O erro mais comum é tratar o conservadorismo, no Brasil e em todo o mundo, como uma doença do espírito, uma pneumopatologia como diria Eric Voegelin, e não uma opção política não apenas defensável, mas a epítome da prudência e do ceticismo político. Alexandre Borges via Gazeta do Povo:
Nas
eleições de 2014, Jair Messias Bolsonaro foi o deputado federal mais
votado do estado do Rio de Janeiro, recebendo 464.572 votos de eleitores
fluminenses (6,1% do total). Ele conquistou seu sétimo mandato
consecutivo no Congresso Nacional com quase quatro vezes mais votos que
obteve na eleição anterior, quando ficou em 11º lugar (1,5% dos votos). O
bolsonarismo, assim como o conservadorismo, não nasceu naquele ano, mas
sua votação inédita e expressiva mostrava que algo estava mudando na
política brasileira e no Brasil, um processo que ainda está em
andamento.
A
derrota de Donald Trump nas eleições de 2020 enterrou um odioso mercado
de livros que tentavam explicar o "nacional-populismo" ou a
"alt-right", mas não passavam, na melhor das hipóteses, de diatribes
ideológicas de um progressismo elitista, afetado e, na essência,
antidemocrático.
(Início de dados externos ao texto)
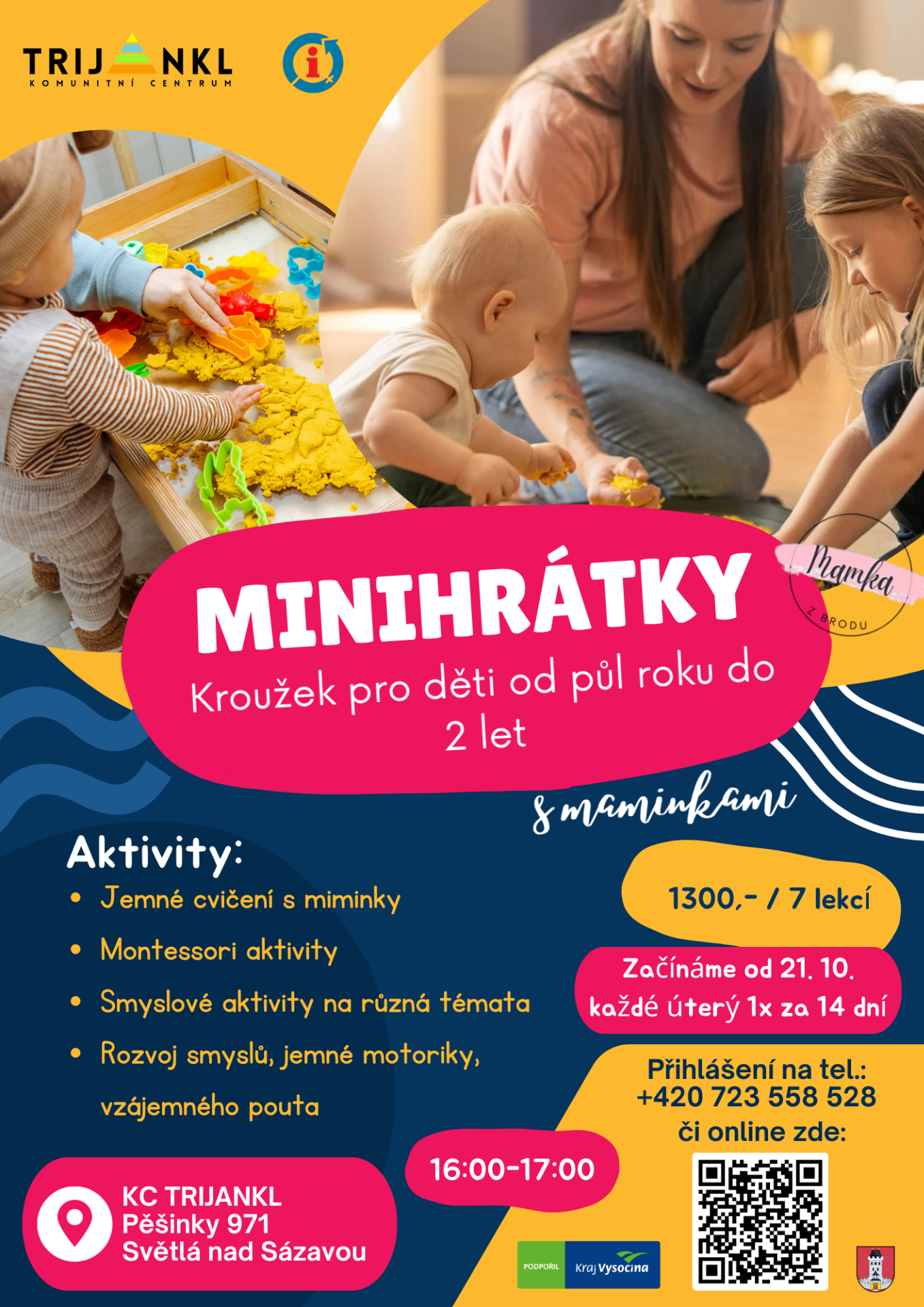 Zveme vás a vaše nejmenší do světa objevů! Náš kroužek je ideálním úvodem do smyslového hraní a Montessori aktivit, speciálně přizpůsobených pro miminka a děti do 2 let. Každá lekce zahrnuje jemné cvičení s miminky a maminkami, doprovázené hravými říkankami, které podpoří rozvoj smyslů, motoriky a vzájemného pouta. Přijďte si užít společné chvíle plné radosti a objevování!

Se você leu Como funciona o fascismo (Jason Stanley),
sabe exatamente do que estou falando.
Nem
tudo que foi lançado na época foi um equívoco constrangedor. Há
exceções honrosas de todos os lados. Desde o excelente e indispensável O
fim da classe média (Christophe Guilly), passando por Brexit (Roger
Scruton) até Por um populismo de esquerda (Chantal Mouffe), houve
autores que entenderam o que estava acontecendo, mas foram poucos. No
geral, apenas gritos histéricos de "o fascismo está chegando!", de
triste memória.
O
Brasil, que sempre chega atrasado nos modismos intelectuais, resolveu
ter sua parte nesse latifúndio editorial com livros igualmente infelizes
sobre a "nova direita", "novo integralismo" ou bolsonarismo, um
fenômeno que talvez ainda demande algum distanciamento para a elaboração
de teses minimamente críveis, originais e intelectualmente honestas. Se
mercados maduros ainda lutam para dispor títulos dignos de nota, o que
diremos do Bananão? É como procurar agulha em palheiros.
Um
dos melhores livros e o mais premonitório sobre os tempos atuais no
Brasil é, sem dúvida, A Imaginação Totalitária (Francisco Razzo),
escrito naquele longínquo 2014 que deu quase meio milhão de votos a
Bolsonaro e publicado no ano seguinte. O filósofo e colunista desta
Gazeta fez uma investigação séria, não ideológica, nada oportunista e
suprapartidária sobre o risco do pensamento totalizante e autoritário
que persiste no país e merece todos os aplausos, mas assim como
aconteceu com nos países desenvolvidos, foi uma vela quase solitária
acesa em meio a trevas.
Razzo
soube identificar com precisão a raiz das perversões políticas, assim
como Edmund Burke dois séculos antes e Michael Oakeshott há algumas
décadas, o perigo da política como "fé" ou "esperança", uma metafísica
que imanentizava a escatologia em substituição aos princípios cristãos
fundadores do que entendemos por Ocidente. O "paraíso na Terra", de
Marx, nada mais é do que isso.
O
erro mais comum é tratar o conservadorismo, no Brasil e em todo o
mundo, como uma doença do espírito, uma pneumopatologia como diria Eric
Voegelin, e não uma opção política não apenas defensável, mas a epítome
da prudência e do ceticismo político. Quem cai nessa esparrela busca
identificar o agente patogênico que produziu a enfermidade na alma do
paciente para depois propor, diretamente ou não, a cura. O autor
pretende, nestes casos, realizar um exorcismo político que tire daquele
corpo o patógeno maligno e devolva o paciente para o estado natural da
humanidade, ou o que entendem por progressismo. Patético, mas vende.
O
conservadorismo no Brasil nasceu em 26 de abril de 1500 (6 de maio, se
corrigido para o calendário atual), quando o Frei Henrique Soares de
Coimbra rezou nossa primeira missa, acompanhada por colonizadores e
indígenas, no sul da Bahia. Quando a cruz de Cristo se levantou pela
primeira vez "ao som do mar e à luz do céu profundo" deste berço
esplêndido, num domingo de Páscoa, e uma homilia católica foi proferida,
este solo foi batizado e começamos a história propriamente dita do que
viria a ser este país. E nada indica que a metafísica cristã, fonte
originária do conservadorismo, vai nos abandonar. Amém.